«Подобно многим молодым людям, Бальзака буквально раздирали самые противоположные влияния. Он вращался в компании циничных журналистов, которые смеялись надо всем, особенно над высокими чувствами, и продавали свое перо маленьким газетенкам — таким, как „Кормчий“, „Корсар“, жадным до слухов и эпиграмм и занимавшимся не то сатирой, не то шантажом; эти молодые люди также кропали на скорую руку мелодрамы и водевили для актрис, не отличавшихся чрезмерной добродетелью».
Таких циничных молодых людей действительно развелось очень много. Надо отдать им должное, работали они как заведенные, но при этом всех их снедала болезненная зависть и неукротимая жажда известности. Осознавая в глубине души собственное бессилие и совершенную свою бездарность, они стремились, однако же, приобрести любой ценой имя, ибо только имя давало возможность неплохо зарабатывать. А для этого им не оставалось ничего иного, как пускаться на отчаянные хитрости и нагло провоцировать шум, лишь бы хоть как-то обратить внимание на свою ничтожную фигурку.

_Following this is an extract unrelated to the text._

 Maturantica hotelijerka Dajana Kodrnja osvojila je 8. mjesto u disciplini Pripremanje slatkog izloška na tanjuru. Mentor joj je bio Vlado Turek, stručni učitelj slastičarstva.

В крайности люди решаются на все. Можно было, например, вдруг, ни с того ни с сего, беззастенчиво возвестить миру, что во Франции вовсе нет и не было никогда настоящей литературы, что Корнель, Расин, Вольтер и другие — это не гордость нации, а какие-то «заплесневелые ретрограды», далеко не заслуживающие той славы, какой удостоили их современники и потомство. Но, уничтожая всеми признанные знаменитости, надобно было создать новые кумиры. С этим было сложнее. Дерзкое провозглашение гениями себя и своих приятелей не всегда удавалось: можно было нарваться на громкий хохот. И тогда для большей успешности мероприятия они шли в журналистику, писали хвалебные оды сами себе и поливали ругательствами все, что пользовалось отличиями и репутацией в обществе. Иногда это срабатывало, и тогда появлялся очередной мыльный пузырь, очередной «талантище», очередной «Тацит бульваров и кофейных домов», который не только не уступает, но и во многом превосходит…

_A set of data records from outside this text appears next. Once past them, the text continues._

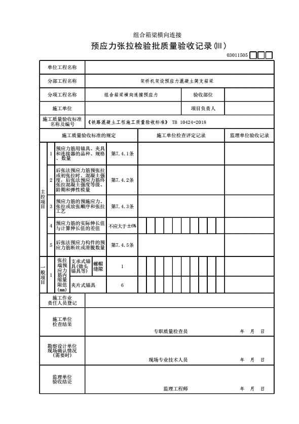 表格名称:03011505 预应力张拉检验批质量验收记录(Ⅲ)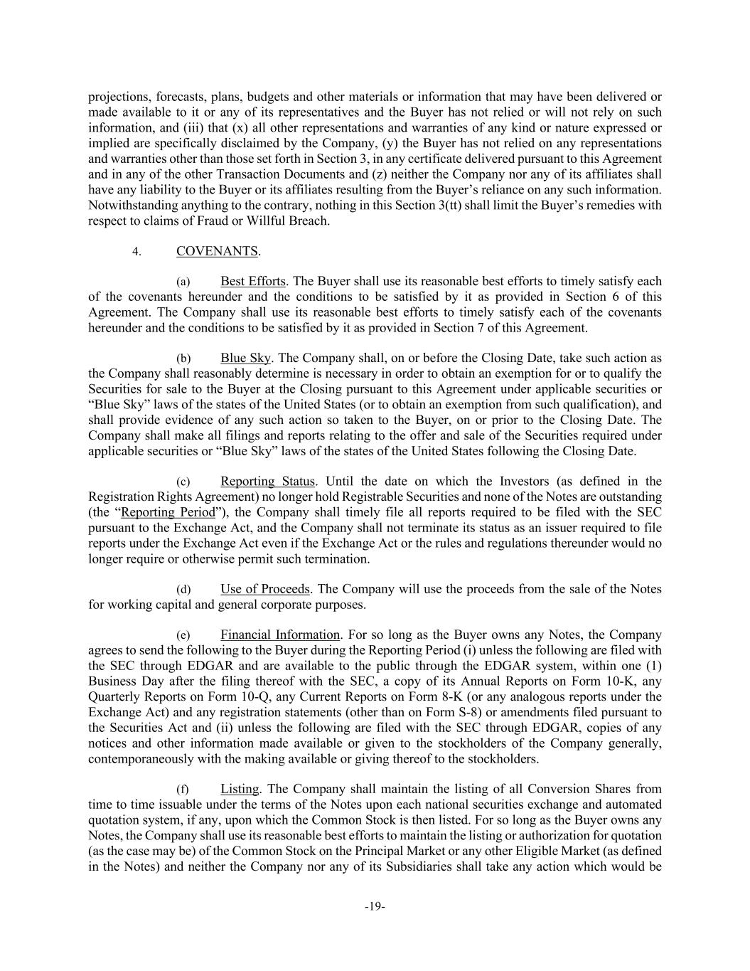 -19- projections, forecasts, plans, budgets and other materials or information that may have been delivered or made available to it or any of its representatives and the Buyer has not relied or will not rely on such information, and (iii) that (x) all other representations and warranties of any kind or nature expressed or implied are specifically disclaimed by the Company, (y) the Buyer has not relied on any representations and warranties other than those set forth in Section 3, in any certificate delivered pursuant to this Agreement and in any of the other Transaction Documents and (z) neither the Company nor any of its affiliates shall have any liability to the Buyer or its affiliates resulting from the Buyer’s reliance on any such information. Notwithstanding anything to the contrary, nothing in this Section 3(tt) shall limit the Buyer’s remedies with respect to claims of Fraud or Willful Breach. 4. COVENANTS. (a) Best Efforts. The Buyer shall use its reasonable best efforts to timely satisfy each of the covenants hereunder and the conditions to be satisfied by it as provided in Section 6 of this Agreement. The Company shall use its reasonable best efforts to timely satisfy each of the covenants hereunder and the conditions to be satisfied by it as provided in Section 7 of this Agreement. (b) Blue Sky. The Company shall, on or before the Closing Date, take such action as the Company shall reasonably determine is necessary in order to obtain an exemption for or to qualify the Securities for sale to the Buyer at the Closing pursuant to this Agreement under applicable securities or “Blue Sky” laws of the states of the United States (or to obtain an exemption from such qualification), and shall provide evidence of any such action so taken to the Buyer, on or prior to the Closing Date. The Company shall make all filings and reports relating to the offer and sale of the Securities required under applicable securities or “Blue Sky” laws of the states of the United States following the Closing Date. (c) Reporting Status. Until the date on which the Investors (as defined in the Registration Rights Agreement) no longer hold Registrable Securities and none of the Notes are outstanding (the “Reporting Period”), the Company shall timely file all reports required to be filed with the SEC pursuant to the Exchange Act, and the Company shall not terminate its status as an issuer required to file reports under the Exchange Act even if the Exchange Act or the rules and regulations thereunder would no longer require or otherwise permit such termination. (d) Use of Proceeds. The Company will use the proceeds from the sale of the Notes for working capital and general corporate purposes. (e) Financial Information. For so long as the Buyer owns any Notes, the Company agrees to send the following to the Buyer during the Reporting Period (i) unless the following are filed with the SEC through EDGAR and are available to the public through the EDGAR system, within one (1) Business Day after the filing thereof with the SEC, a copy of its Annual Reports on Form 10-K, any Quarterly Reports on Form 10-Q, any Current Reports on Form 8-K (or any analogous reports under the Exchange Act) and any registration statements (other than on Form S-8) or amendments filed pursuant to the Securities Act and (ii) unless the following are filed with the SEC through EDGAR, copies of any notices and other information made available or given to the stockholders of the Company generally, contemporaneously with the making available or giving thereof to the stockholders. (f) Listing. The Company shall maintain the listing of all Conversion Shares from time to time issuable under the terms of the Notes upon each national securities exchange and automated quotation system, if any, upon which the Common Stock is then listed. For so long as the Buyer owns any Notes, the Company shall use its reasonable best efforts to maintain the listing or authorization for quotation (as the case may be) of the Common Stock on the Principal Market or any other Eligible Market (as defined in the Notes) and neither the Company nor any of its Subsidiaries shall take any action which would be
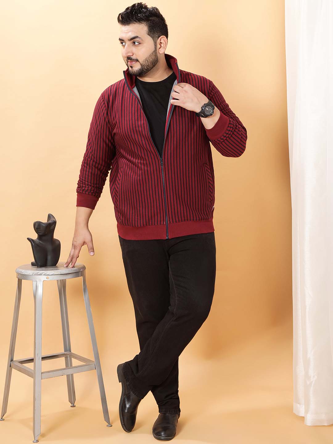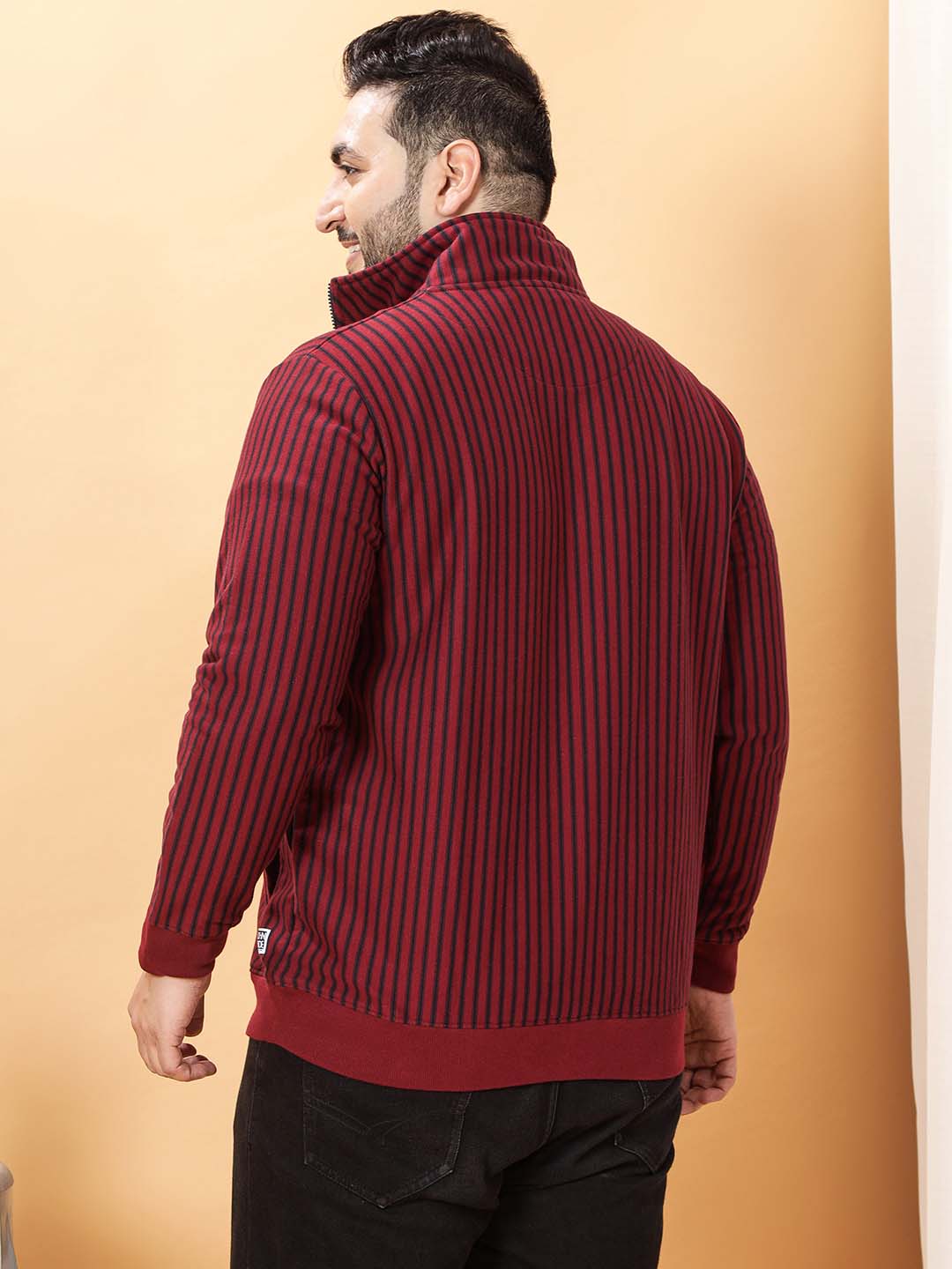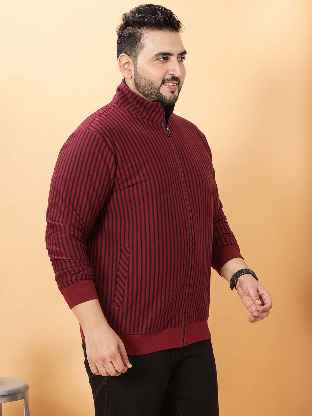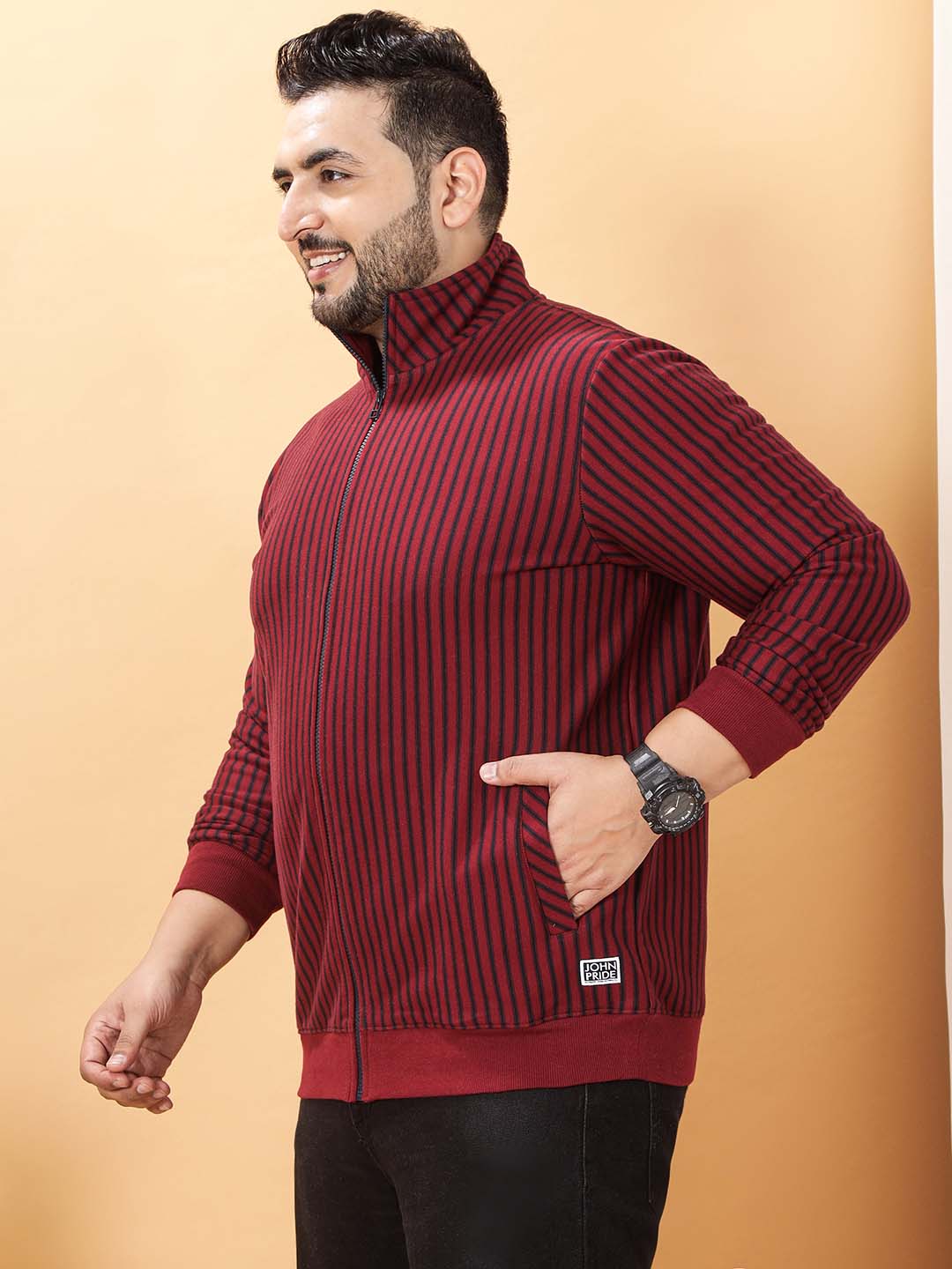 This maroon sweatshirt with navy stripes is crafted from soft fleece fabric, designed to provide warmth and comfort. It features a stylish collar zipper with a matching navy zipper for a coordinated look. The ribbed cuffs and bottom hem ensure a snug fit that stays in place during wear. Concealed pockets offer a sleek appearance while providing practical storage space. Combining classic color-block stripes with modern functional details, this sweatshirt is perfect for everyday casual wear or layering in cooler weather.

В их кругу Бальзак снова встретил своего бывшего компаньона де Легревилля, тот продолжал процветать, на сей раз именно на ниве журналистики. Там же он познакомился со скандальным художником-карикатуристом Анри Монье. Тот впоследствии рассказывал, что однажды он сидел в кафе «Минерва» вместе со своим приятелем Рессоном; внезапно тот встал из-за стола и воскликнул: «Пойдемте отсюда! Этот несносный Сент-Обен явился!» При этих словах Монье якобы увидел заросшего молодого человека, походившего не то на монаха, не то на крестьянина. Это был Бальзак.
А. Моруа пишет:
«Но, продолжая сотрудничать с этими беззастенчивыми литературными шакалами, он страдал. Его чувствительную натуру ранила жестокость окружающего мира. Он ощущал в себе силы для великих свершений».

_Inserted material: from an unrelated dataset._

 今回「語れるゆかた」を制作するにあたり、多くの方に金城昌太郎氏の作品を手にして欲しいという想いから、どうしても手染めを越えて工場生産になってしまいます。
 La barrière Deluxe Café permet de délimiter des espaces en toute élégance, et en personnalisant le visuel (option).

Бабушке Софи не нравились новые друзья и «произведения» внука, но она с трогательной неуклюжестью подбадривала его:
«Милый Оноре, торопись избавиться от своей окаянной меланхолии… Постарайся не писать больше такие мрачные книги, рассказывай лучше о любви и делай это с приятностью… Ручаюсь тебе за успех, к тому же и сам исцелишься».
К сожалению, 31 января 1823 года она умерла. Смерть пожилого человека обычно воспринимается как неизбежность, но бабушка, бабуля Софи, была очень дорогим и близким Бальзаку человеком, и ее смерть его потрясла. Он долго потом не мог избавиться от преследовавшего его впечатления: он смотрел на нее в гробу и не мог отделаться от ощущения, что это — не его бабушка, а какая-то восковая кукла, а что-то главное, что, собственно, и было ею, безвозвратно ушло.